§ Exercise objective
From the line holding "1976-S US Bicentennial" through the line holding "La pierre se" below, write out every line exactly; include both of those lines and drop the pictures.
━━━ Data supplied ━━━
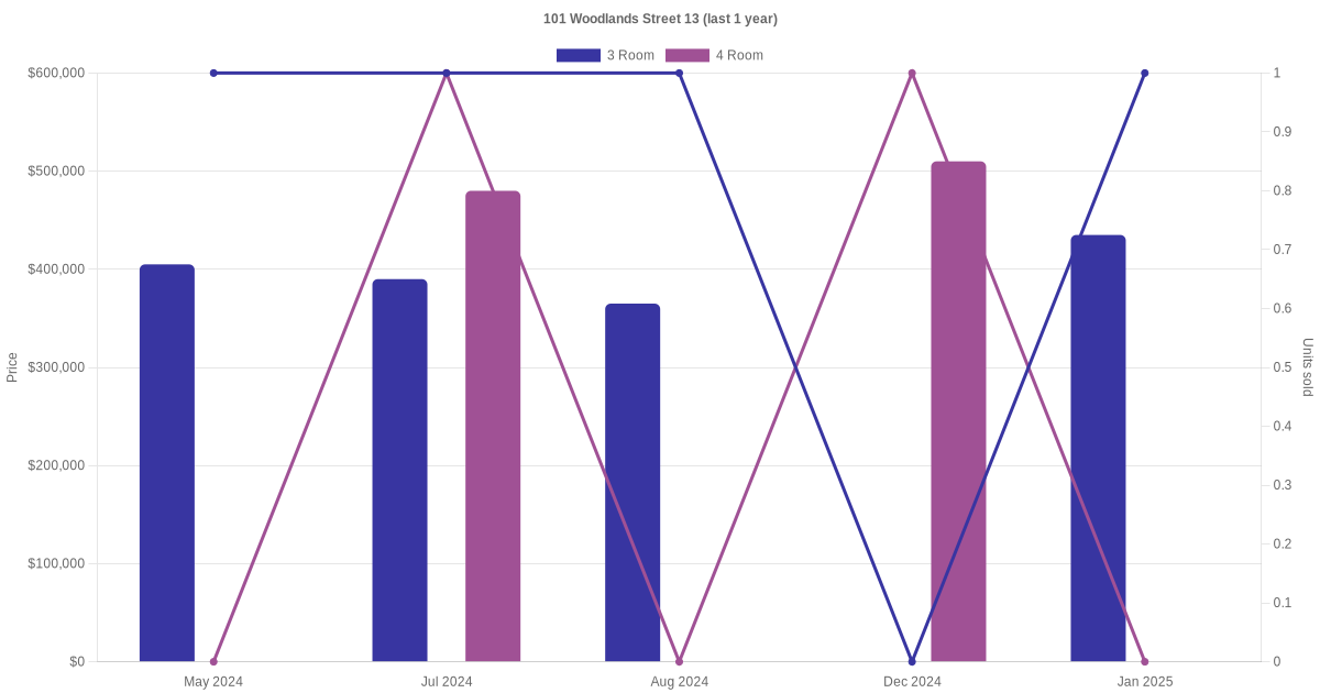 Below is a quick summary of the resale transactions volume and average price trends for the 3 room and 4 room units at 101 Woodlands Street 13.
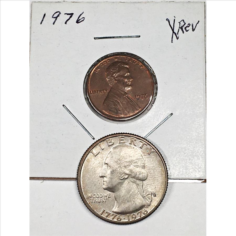 1976-S US Bicentennial Washington Quarter and 1976 US Bicentennial Lincoln Head Memorial Cent*High Grade
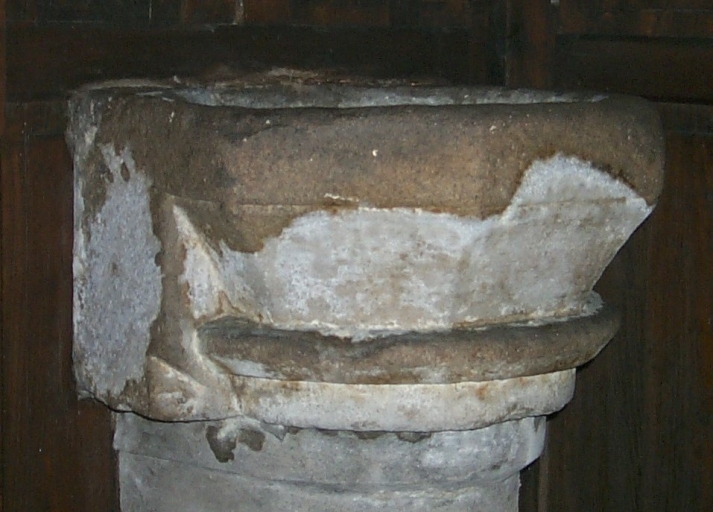 La pierre se délite sur le rebord ; le bénitier est posé sur un socle en ciment. Ce bénitier faisait partie d'une paire dont un élément a disparu.
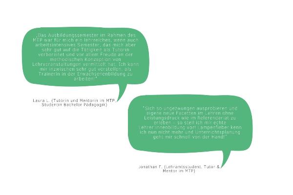 Vielen Tutor:innen macht ihre Tätigkeit im Rahmen des MTPs so viel Spaß, dass sie auch nach ihrem Einsatzsemester gerne weitermachen möchten. Darüber freuen wir uns , denn es zeigt nicht nur den Erfolg des Programms, sondern hilft auch dabei, im Rahmen des MTP gewonnenes Wissen und Kompetenzen von einer Studierenden-Generation an die nächste weiterzugeben. Wenn Sie Lust haben, können Sie sich sehr gerne auch noch nach der Tutorenausbildung langfristig als Tutor:in oder Mentor:in im MTP engagieren.!
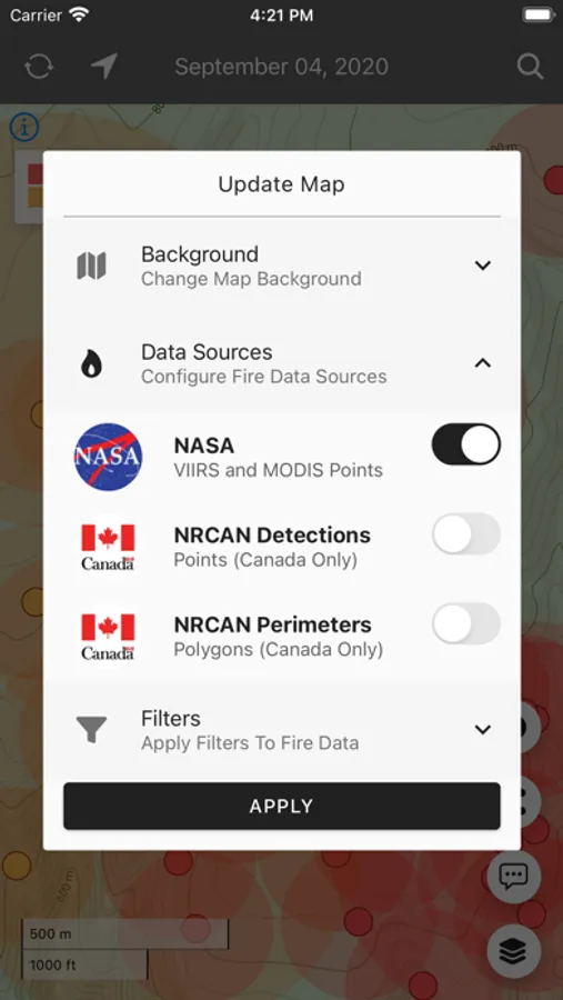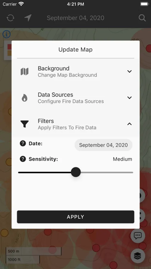 • Control the sensitivity of MODIS and VIIRS blazing fire detection filters yourself.
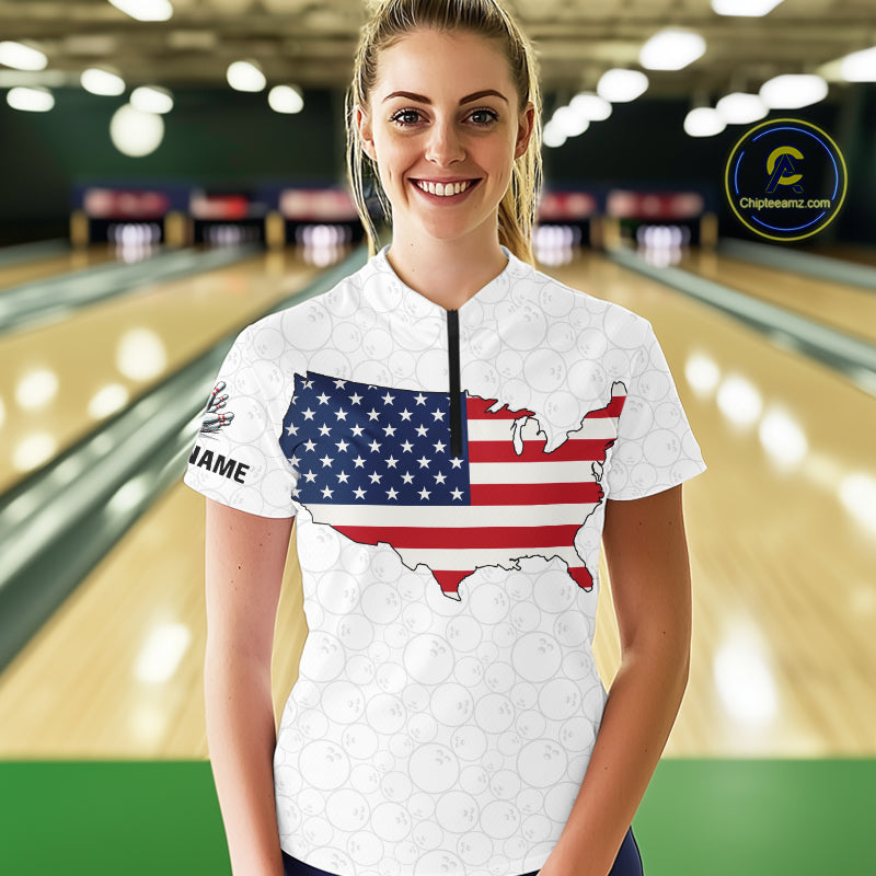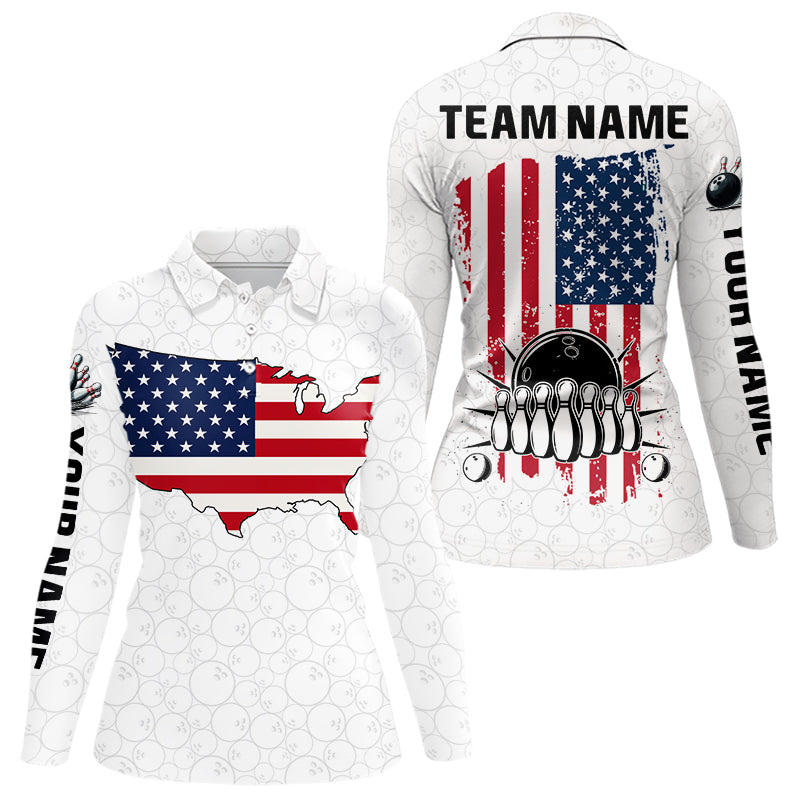 Personalized American Flag White Bowling Shirts For Women Custom patriotic Team Bowling jerseys NQS10184
━━━
§ Solution to this task
 1976-S US Bicentennial Washington Quarter and 1976 US Bicentennial Lincoln Head Memorial Cent*High Grade
 La pierre se délite sur le rebord ; le bénitier est posé sur un socle en ciment. Ce bénitier faisait partie d'une paire dont un élément a disparu.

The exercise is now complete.